** Data excerpts follows **

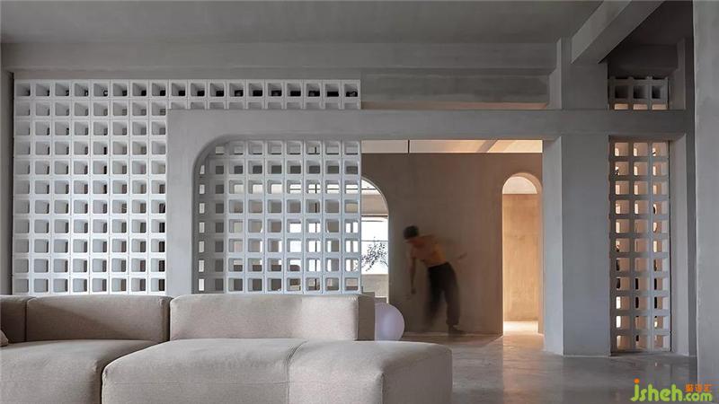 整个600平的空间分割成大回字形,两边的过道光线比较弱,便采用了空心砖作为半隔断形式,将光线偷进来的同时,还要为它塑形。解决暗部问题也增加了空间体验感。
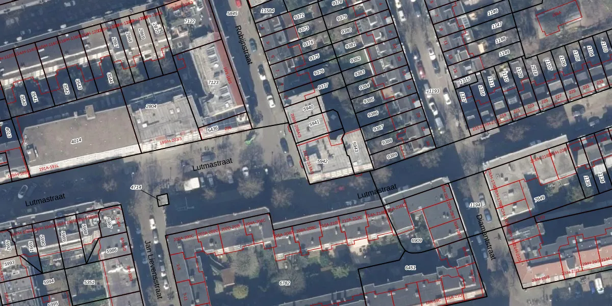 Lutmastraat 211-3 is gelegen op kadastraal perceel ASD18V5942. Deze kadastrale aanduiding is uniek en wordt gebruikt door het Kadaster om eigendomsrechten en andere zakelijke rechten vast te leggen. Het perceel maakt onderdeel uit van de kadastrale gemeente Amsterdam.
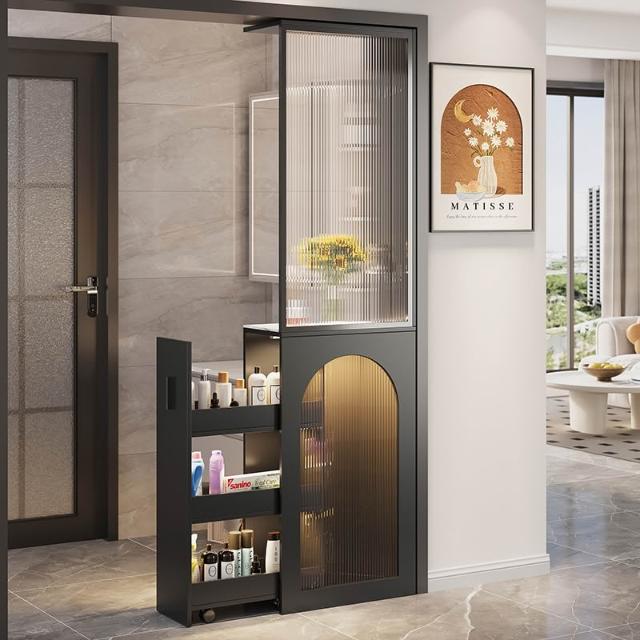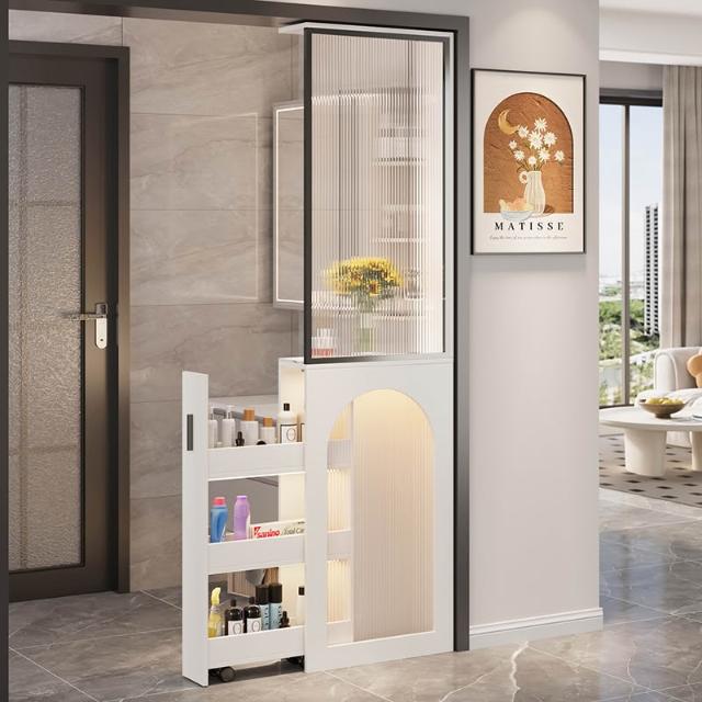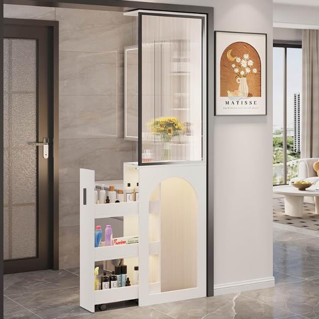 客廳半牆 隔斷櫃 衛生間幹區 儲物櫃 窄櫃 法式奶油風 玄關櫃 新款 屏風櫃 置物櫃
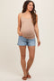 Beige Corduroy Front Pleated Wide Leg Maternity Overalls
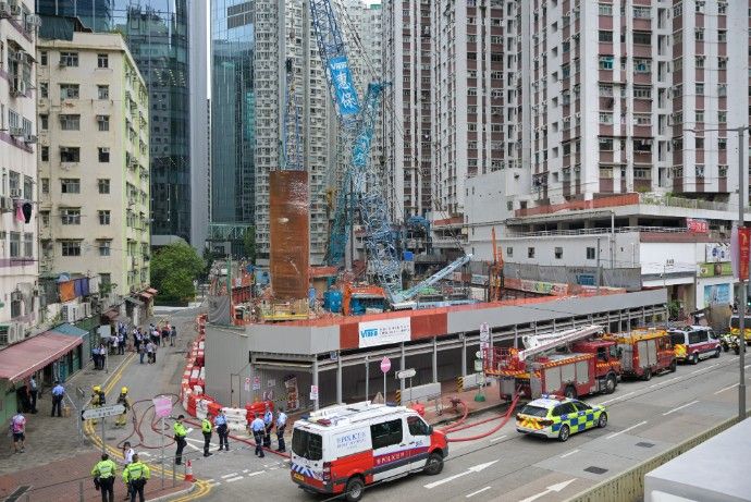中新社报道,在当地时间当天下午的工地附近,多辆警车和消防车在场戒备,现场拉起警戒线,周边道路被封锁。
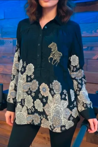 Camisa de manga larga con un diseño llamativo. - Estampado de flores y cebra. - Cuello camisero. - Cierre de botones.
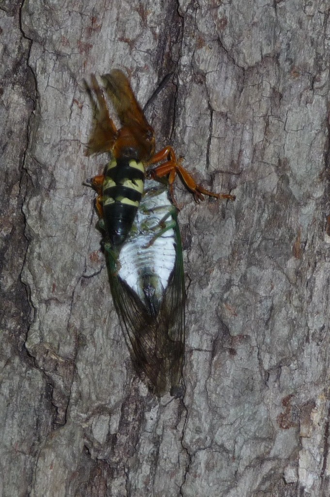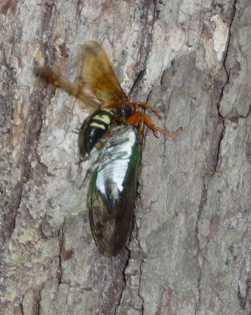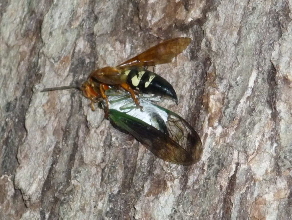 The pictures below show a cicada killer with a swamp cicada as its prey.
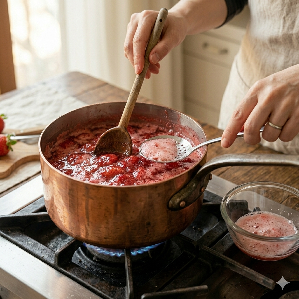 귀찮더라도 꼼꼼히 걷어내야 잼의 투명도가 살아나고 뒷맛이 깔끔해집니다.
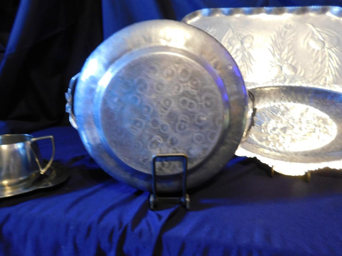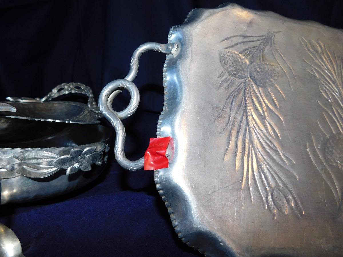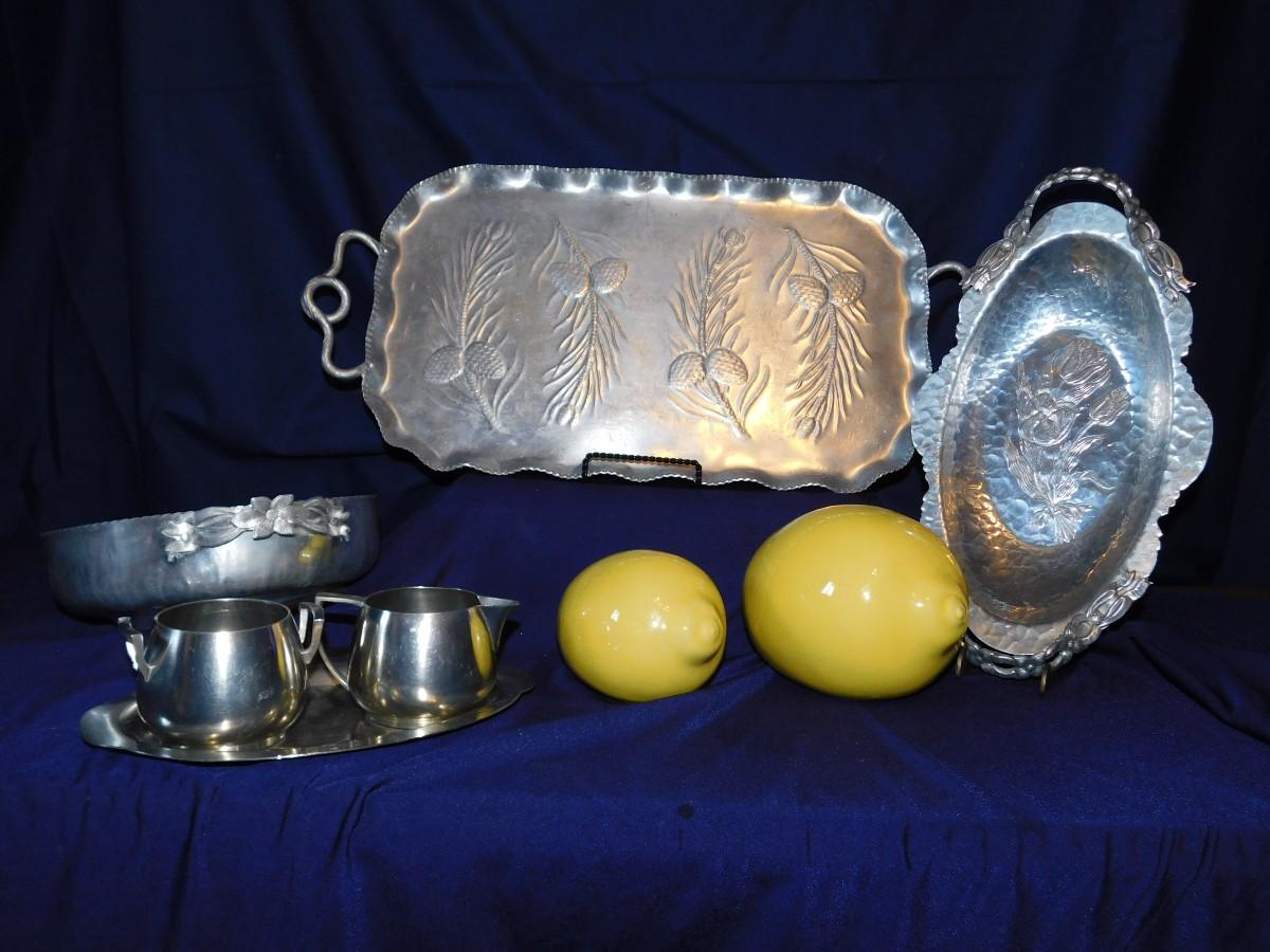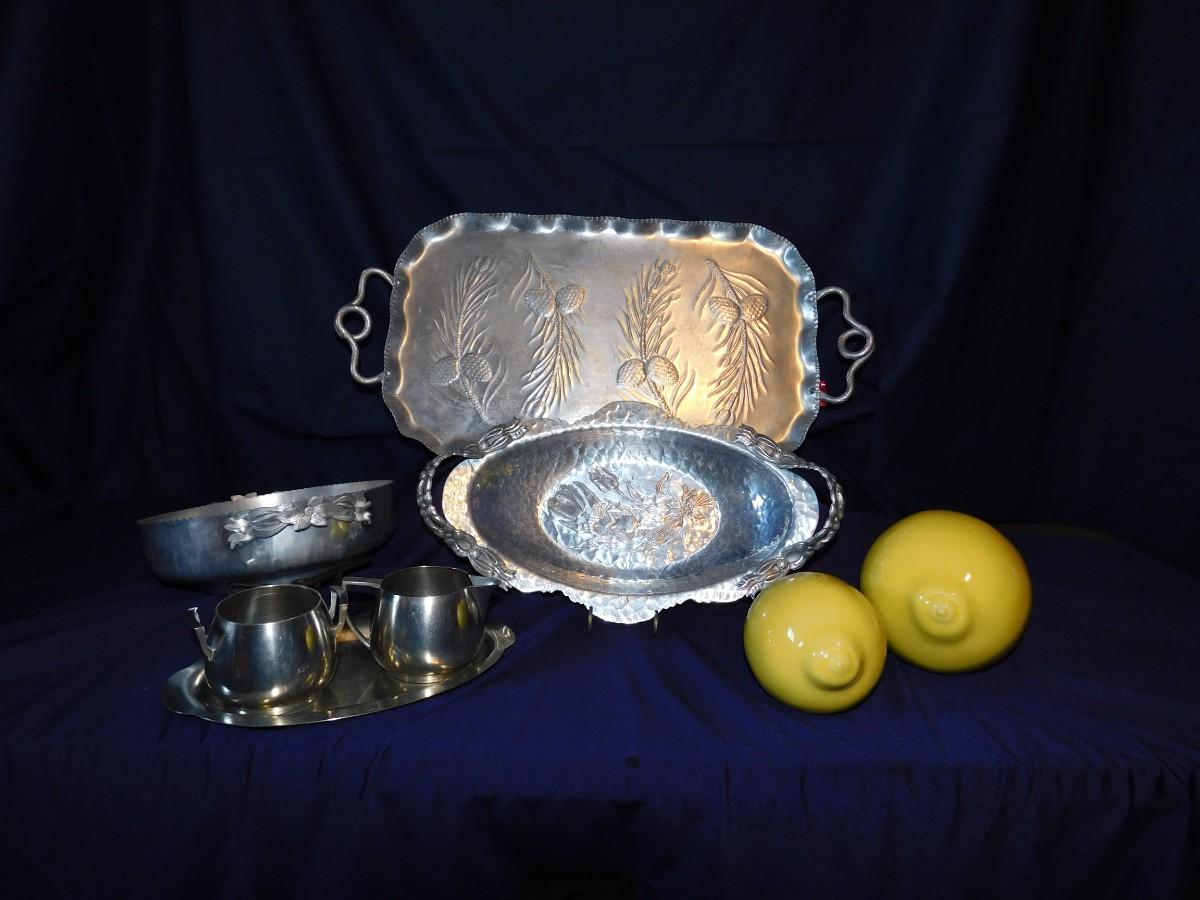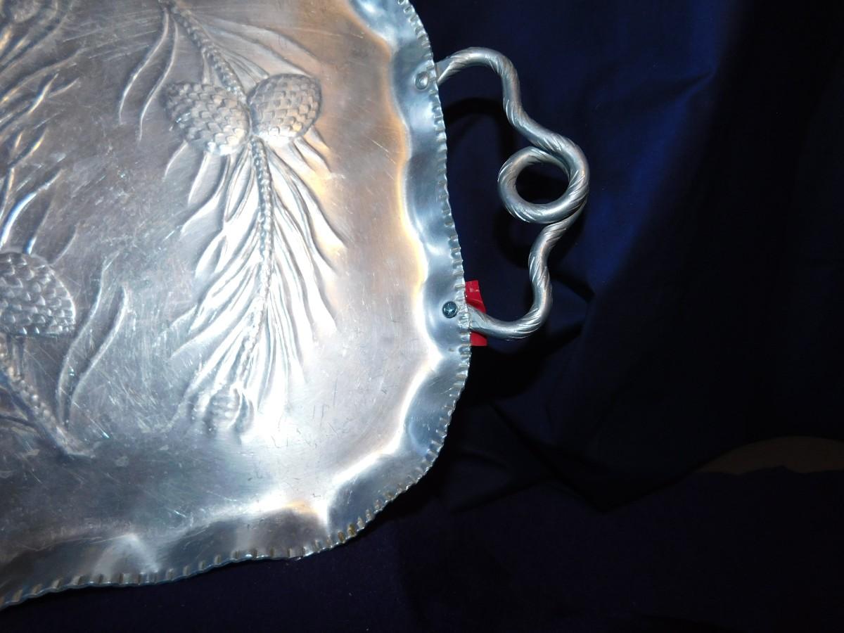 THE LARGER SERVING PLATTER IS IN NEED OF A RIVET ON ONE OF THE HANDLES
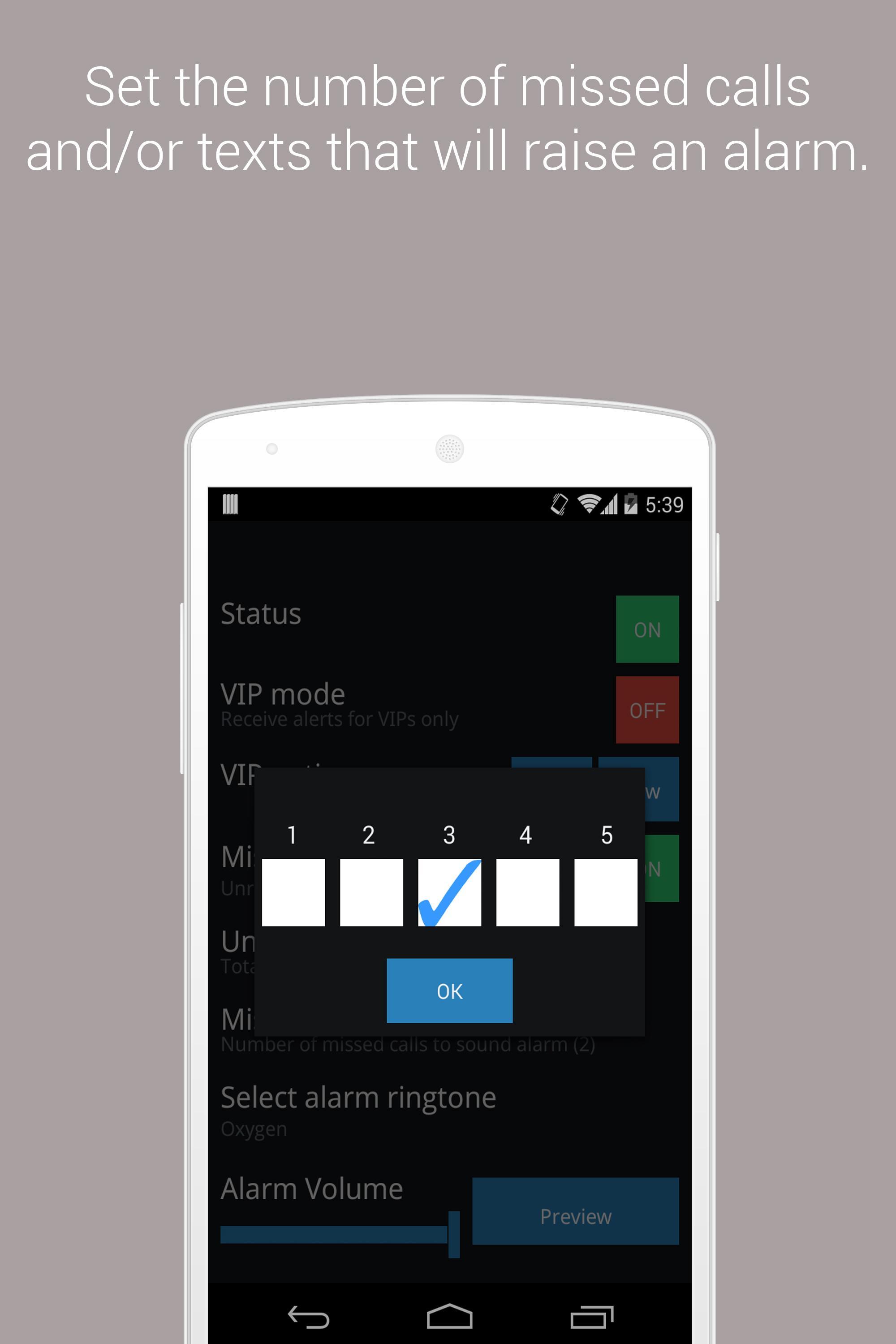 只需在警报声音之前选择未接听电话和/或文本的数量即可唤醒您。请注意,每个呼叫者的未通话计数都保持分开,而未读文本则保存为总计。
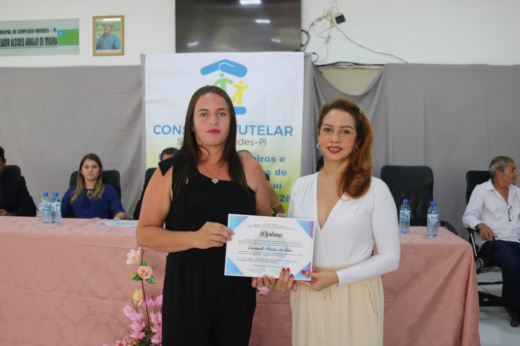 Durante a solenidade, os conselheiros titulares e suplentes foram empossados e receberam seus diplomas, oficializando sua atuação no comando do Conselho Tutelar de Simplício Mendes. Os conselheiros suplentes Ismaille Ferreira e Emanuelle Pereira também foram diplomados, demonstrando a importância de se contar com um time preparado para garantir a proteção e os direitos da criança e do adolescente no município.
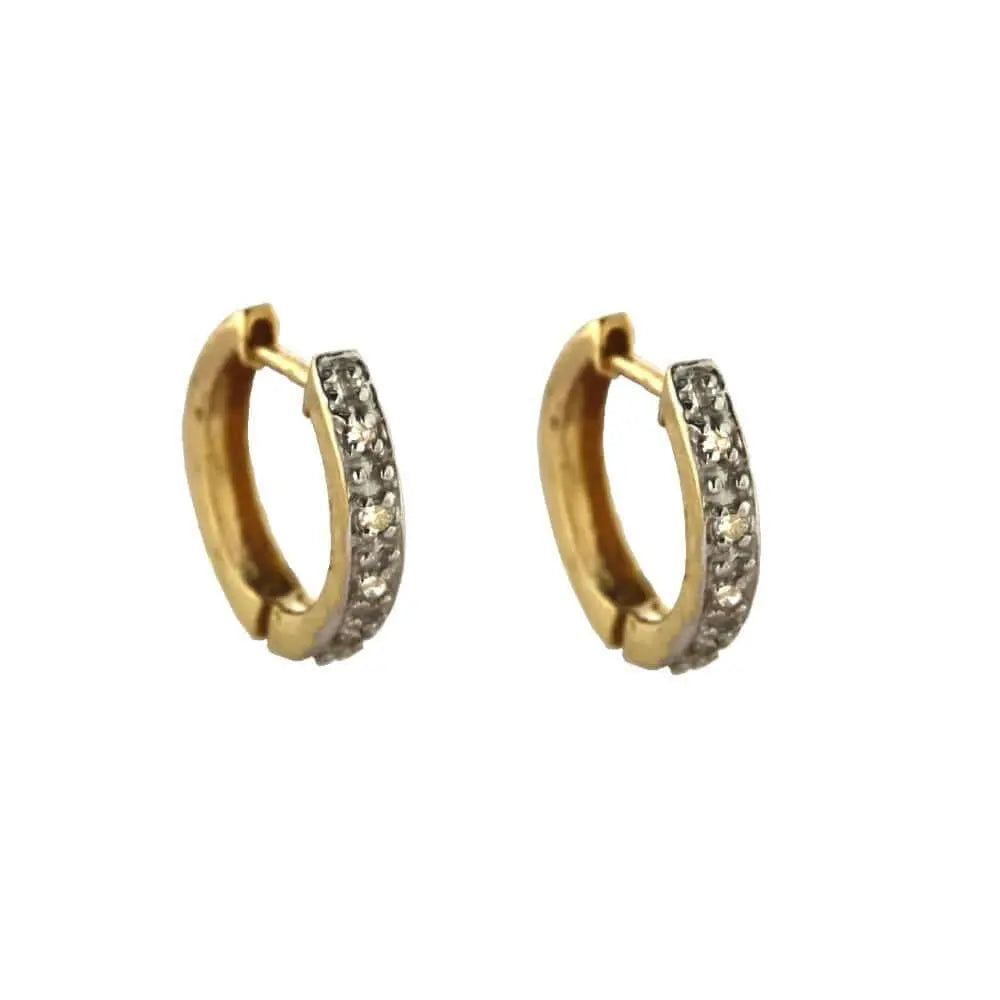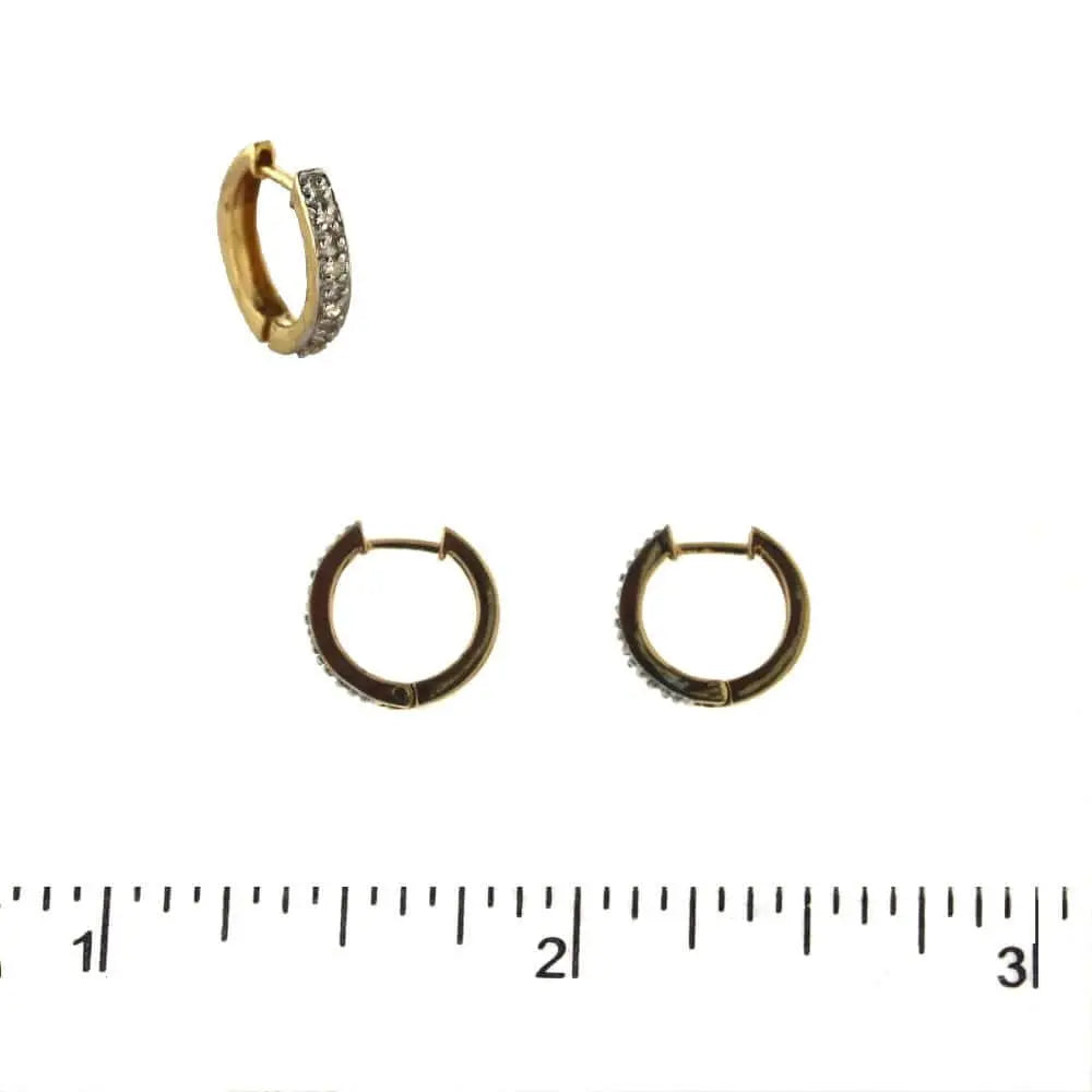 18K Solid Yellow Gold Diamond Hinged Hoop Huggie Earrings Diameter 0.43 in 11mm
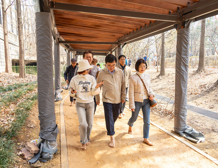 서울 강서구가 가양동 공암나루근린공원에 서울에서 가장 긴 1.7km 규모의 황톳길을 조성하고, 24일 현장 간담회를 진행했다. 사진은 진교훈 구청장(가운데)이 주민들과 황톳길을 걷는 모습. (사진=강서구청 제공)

** End of Data excerpts **

=== Requirement ===
Using the records above, return word for word the lines that begin at the one containing "Camisa de manga" and end at the one containing "只需在警报声音之前选择未接听", both of them included and no pictures.

=== Written solution ===
 Camisa de manga larga con un diseño llamativo. - Estampado de flores y cebra. - Cuello camisero. - Cierre de botones.
 The pictures below show a cicada killer with a swamp cicada as its prey.
 귀찮더라도 꼼꼼히 걷어내야 잼의 투명도가 살아나고 뒷맛이 깔끔해집니다.
 THE LARGER SERVING PLATTER IS IN NEED OF A RIVET ON ONE OF THE HANDLES
 只需在警报声音之前选择未接听电话和/或文本的数量即可唤醒您。请注意,每个呼叫者的未通话计数都保持分开,而未读文本则保存为总计。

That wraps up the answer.